The juvenile justice system lacks enough beds to accommodate all the young people who are supposed to be incarcerated, Starnes said. There are typically 70 to 80 youth waiting in local detention centers for slots in state facilities.
Starnes also said state facilities are a better place for youth than staying in detention centers for months on end. The state youth prisons have more rehabilitation services and education opportunities.
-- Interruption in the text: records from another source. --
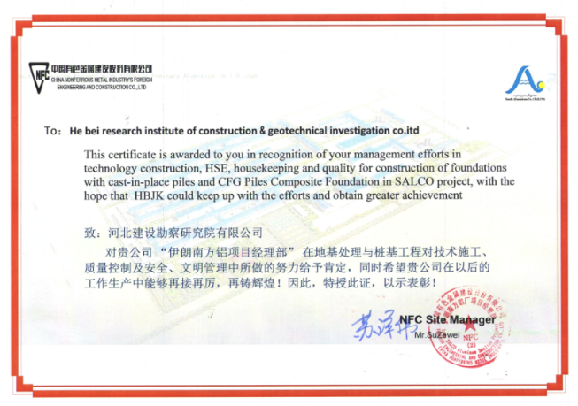 我公司承建的伊朗南方鋁項目,自開工以來精心策劃、有效組織、認真施工、積極與業(yè)主配合,保質(zhì)保量完成了施工進度。在施工過程中業(yè)主對我公司伊朗南方鋁項目部在技術施工、質(zhì)量控制及安全、文明管理中所做的努力給予了肯定,并授予表彰證書。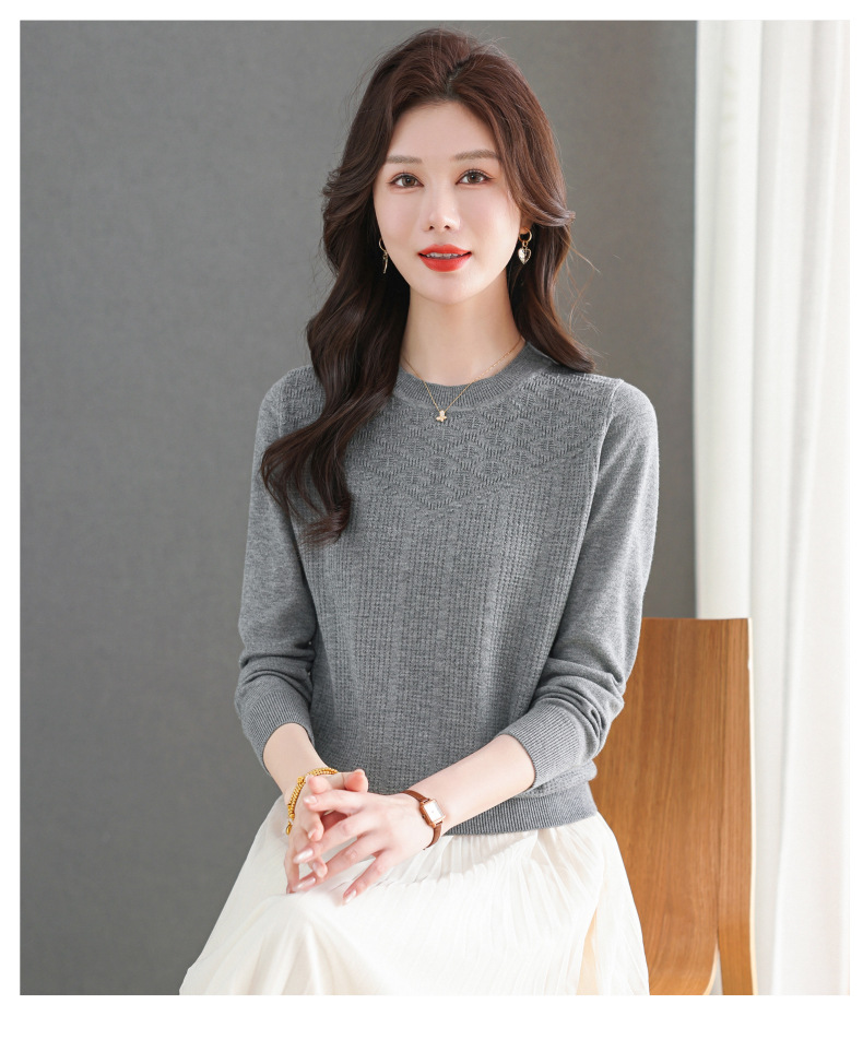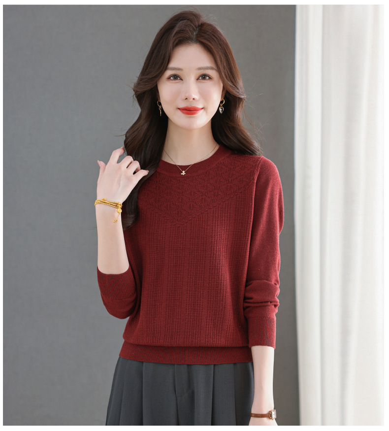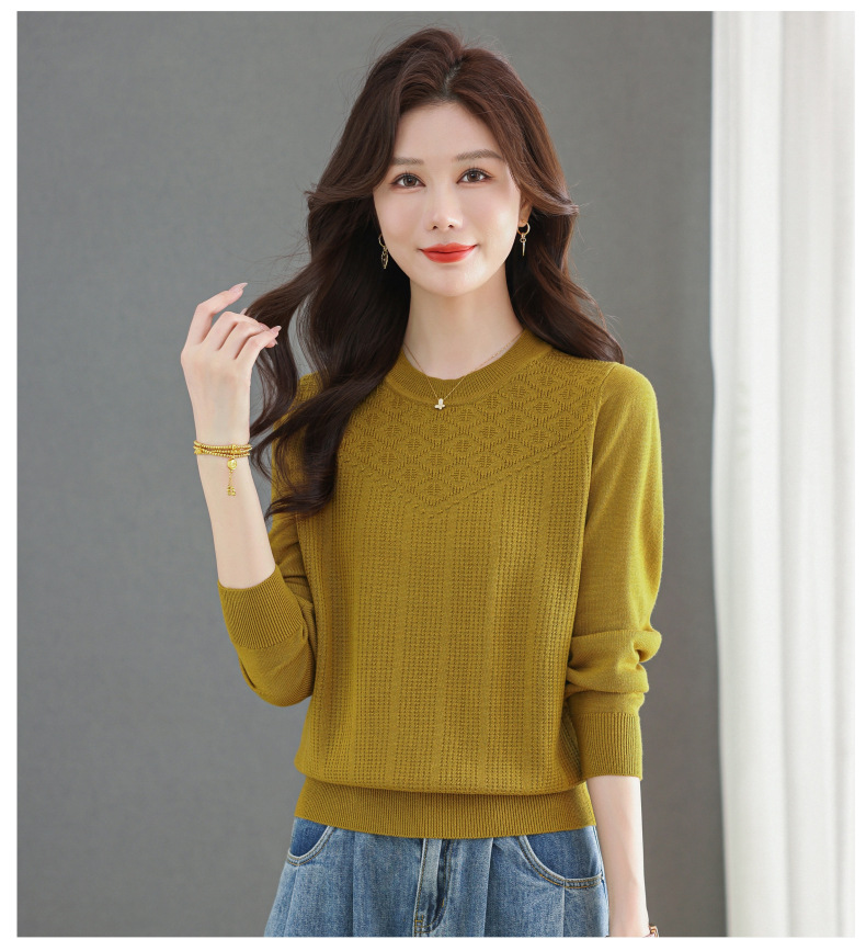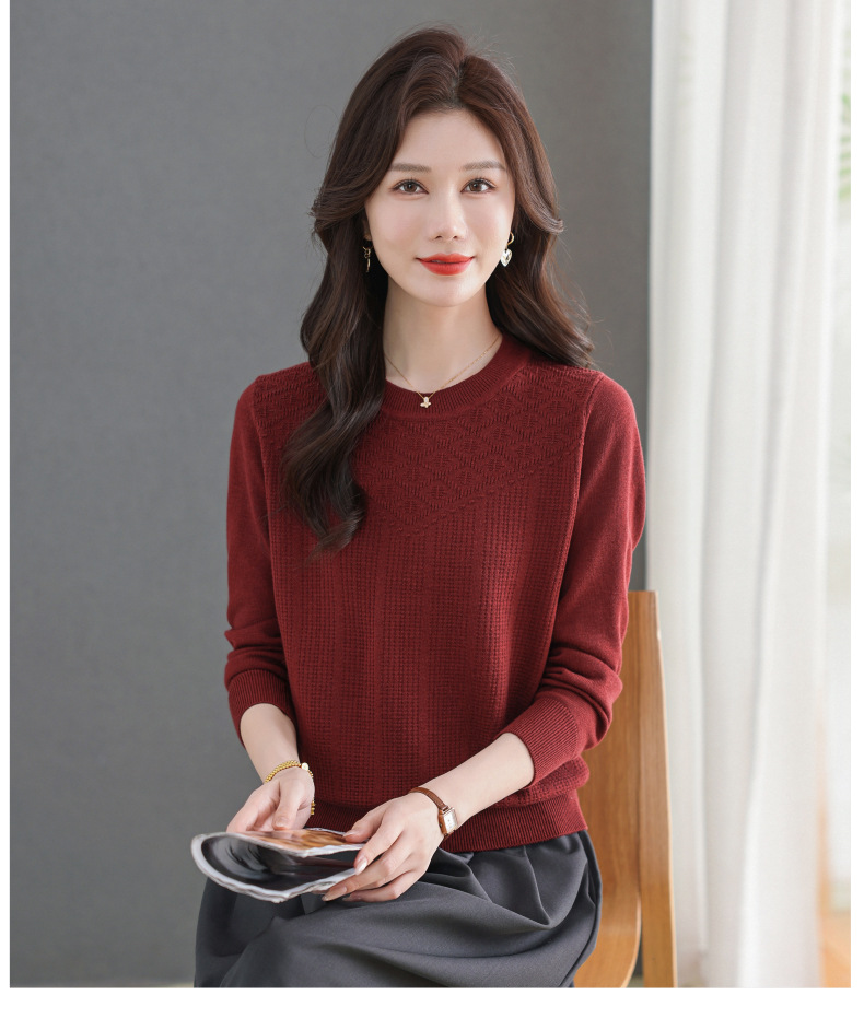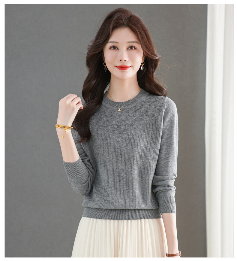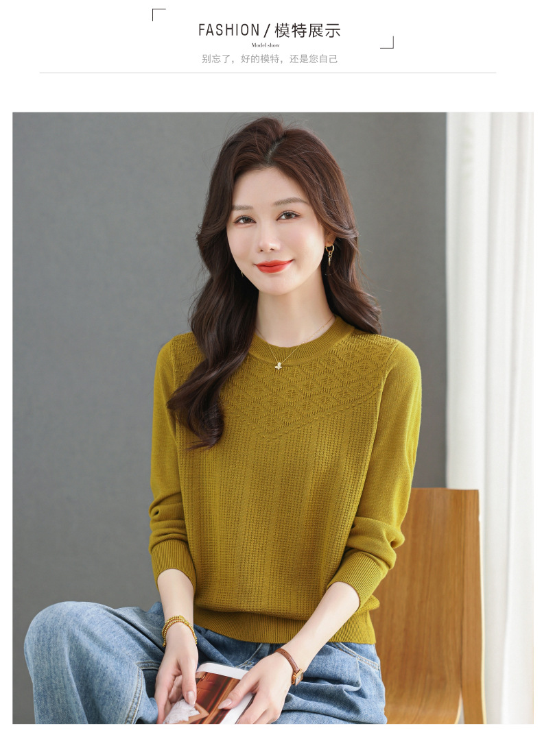CC针织长袖上衣春秋2025新款复古风女宽松气质圆领毛衣打底衫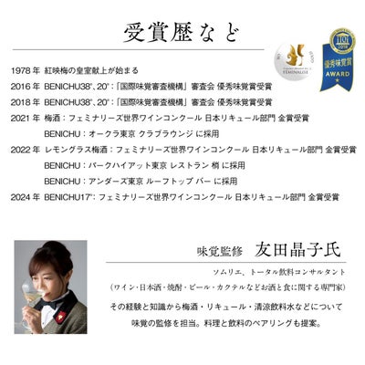 日本のほぼ中心に位置する福井県若狭町はラムサール条約に登録された「三方五湖」など豊かな自然にめぐまれています。若狭町に自社梅園をもち、若狭の地で生産された「紅映梅(べにさしうめ)」100%を使い、自社工場で無添加(酸味料・香料・着色料)の本格梅酒づくりをしている会社です。梅の生産、加工、販売まで全てを手掛けています。2013年3月には、農林水産省より6次産業総合計画認定を受けました。梅酒製造工場は、2020年5月にHACCP認証(福井県版)を受けています。 |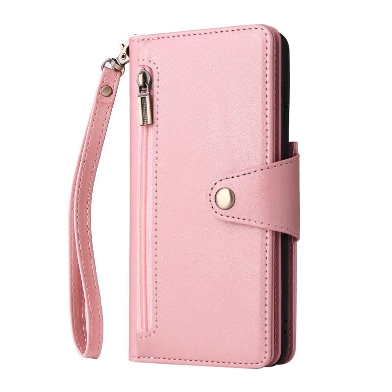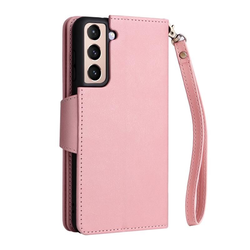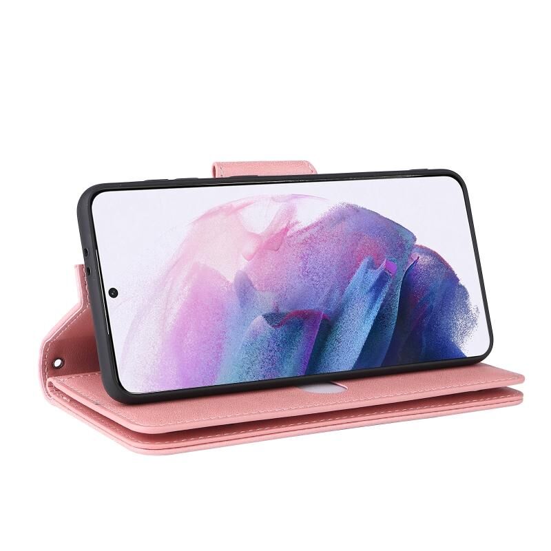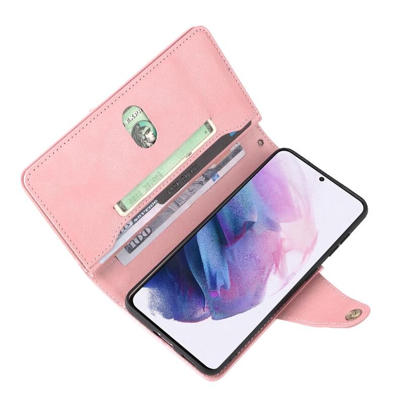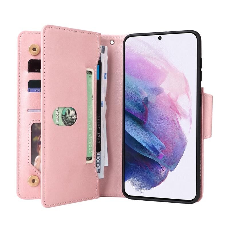 Για Samsung Galaxy S21+ Rivet πόρπη 9 κάρτες τρεις φορές δερμάτινη θήκη τηλεφώνου (ροζ χρυσό)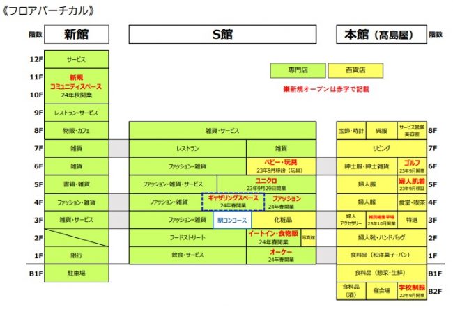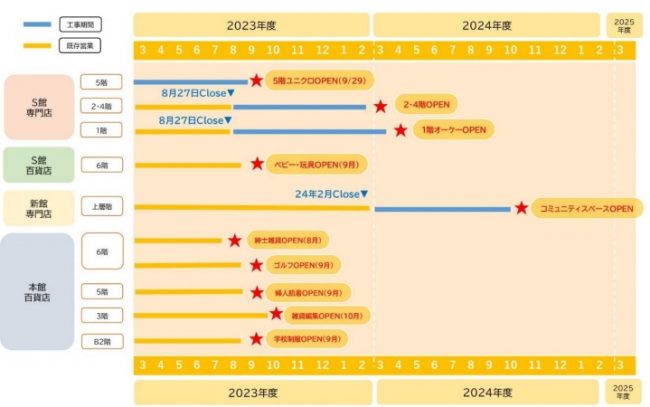 S館5階には、2023年9月29日(金)に「ユニクロ」が柏市最大級の売場面積で出店する予定で、大型店ならではの品揃えを提供する。S館6階のベビー・キッズフロアも2023年9月にリニューアルオープンする。ベビーカーや育児用品、上質なベビーギフトなど、洋服や雑貨の品揃えを強化する。また、コンサルティングサロンを新設し、子育てに関する相談会を定期開催する。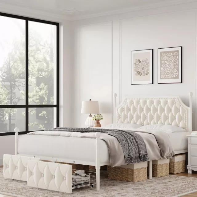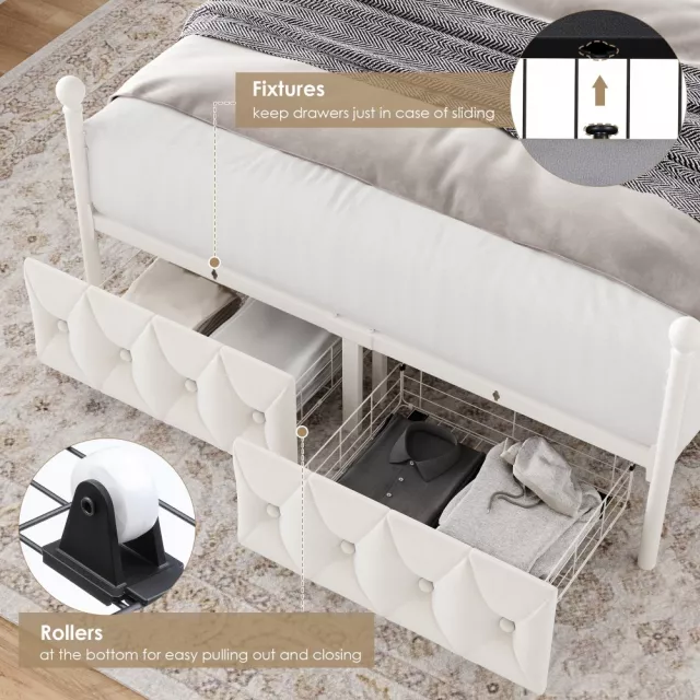 • Hidden Storage Drawers: Maximize your bedroom’s storage with two large hidden drawers on wheels. Perfect for storing blankets, pillows, or other essentials, these drawers help you keep your space organized and tidy.

The juvenile justice system partners with local community colleges to provide job training courses, for example.
“The sooner we get them into OJJ care, the sooner they can start receiving those services that they need, those wraparound services, the rehabilitation to try to get them on the right track,” Starnes told the senators.
Advocates for incarcerated youth disagree with Starnes’ assessment and oppose the state’s plans to open new juvenile prisons.
“We are calling on Louisiana lawmakers to reexamine the state’s youth justice budget and shift investments toward community based supports, rehabilitation, and front end prevention services,” said Antonio Travis, youth organizing manager of Families and Friends of Louisiana’s Incarcerated Children in a written statement Monday.
“We have not received basic answers to critical questions about this new facility [in Vernon Parish], and the plan risks blurring lines between youth and adult incarceration and deepening harm,” Travis said.
Increased juvenile justice costs come at a time when the state is also seeing a significant increase in adult prison costs.
The Landry administration is proposing to spend an additional $82 million on adult prison expenses in 2026-2027. The adult prison population has gone up considerably since the governor and lawmakers passed more severe prison sentences for crimes in 2024.
Collectively, Landry is proposing to spend $1.3 billion on juvenile justice, the adult correctional system and sheriff’s housing for state inmates in the budget year that starts July 1.
Most of that money, about $1.2 billion, comes from the same pool of state funding that pays for public universities and colleges, K-12 schools, early childhood education and economic development incentives.